Walked out of the house about 2 weeks ago with the sudden urge to finally bite the bullet and try to start up a DOS gaming rig- but given the state of Goodwill/SA's PC policy these days, I expected to find nothing at all, and quell the urge in a warm blanket of disappointment... till I walked into an old mom&pop thrift near my house and saw a shiny beige box hidden behind some old VCRs. My heart skipped a beat, and I told myself "it won't turn on, of course, and I won't spend any money"... Long story short, it POSTed right there in the store, and 15 dollars later, I was the proud owner of a socket 7 machine with (almost) all working hardware. Windows 95 was found installed and running well.

I pulled her apart and found a generic ATAPI 44x CD-ROM and floppy drive; CPU is a Pentium 166 SY016; sound and modem were generic ISA components, though the Sound card was DOA and Windows will not recognize it as PnP, despite attempts at a manual driver install; 4 gig IDE HD; Diamond Stealth64 S3 video card (huzzah!); and a sad set of 8 MB FPM SIMMS. SIMMS have since been replaced with 64 Meg of EDO, and I'm awaiting 512KB of IBM cache and a Creative AWE32 ISA card.

So this is my question: does anyone know anything about P&Q motherboards, specifically the P&Q L-9630-8 ML-1 94V I found all this stuff plugged into.

My research indicates that it has some passing familial production relationship with the Amptron PM-7900A. The P&Q has the same Intel i430VX chipset, the same SIMM/DIMM combination count, a USB headed (and USB support in BIOS) and general appearance; however, the PINOUT guides I found for the Amptron do not match the few printed jumper guides actually on the board, the PCI/ISA count differs, and the layout of the board itself differs slightly. It also has a dreaded DALLAS CMOS chip (thankfully socketted).

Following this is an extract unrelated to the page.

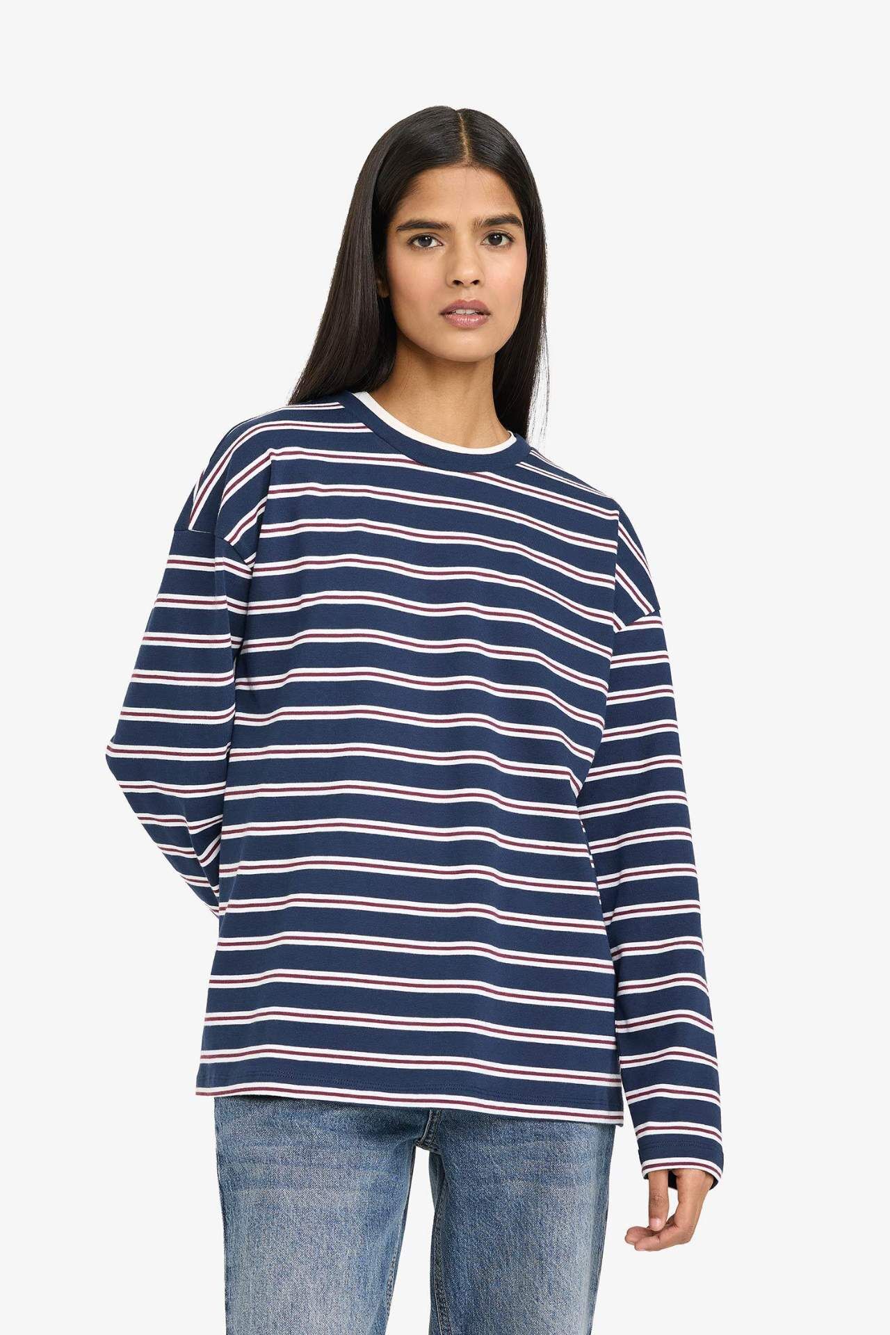 Loose fit bisiklet yaka çizgili sweatshirt, rahat kesimi ve zamansız çizgili tasarımıyla günlük stilinize konfor katar. Yumuşak dokusu sayesinde gün boyu keyifli bir kullanım sunar. Pamuk 100%

I would appreciate any general or specific advice/manuals/pinouts/data anyone might have for the P&Q line and/or this specific model. Also, what sorts of things can one do with a USB 1.0 headed in a Windows 95/DOS environment? I understand DOS has little to no USB support, but could I use a thumbdrive to transfer data in '95? Since the board has jumpered multipliers, does jacking the CPU up to 3 or 3.5X count as overclocking, and does that overheart the CPU?

I was 11 in 1996 when the board and most of this hardware was manufactured, and I have many fond memories of building and playing with socket 7 machines- but 20 years has erased much of my memory regarding this tech, and even DOS commands. My current struggles include- P&Q info; trying to remember how to setup COM and IRQ settings for an AWE card; and picking a good Multiboot software to shrink the current HDD partition and create a second partition to run a pure DOS 6.22 environment, as the current 95 setup makes playing CD-ROM DOS games like Rise of the Triad really obnoxious.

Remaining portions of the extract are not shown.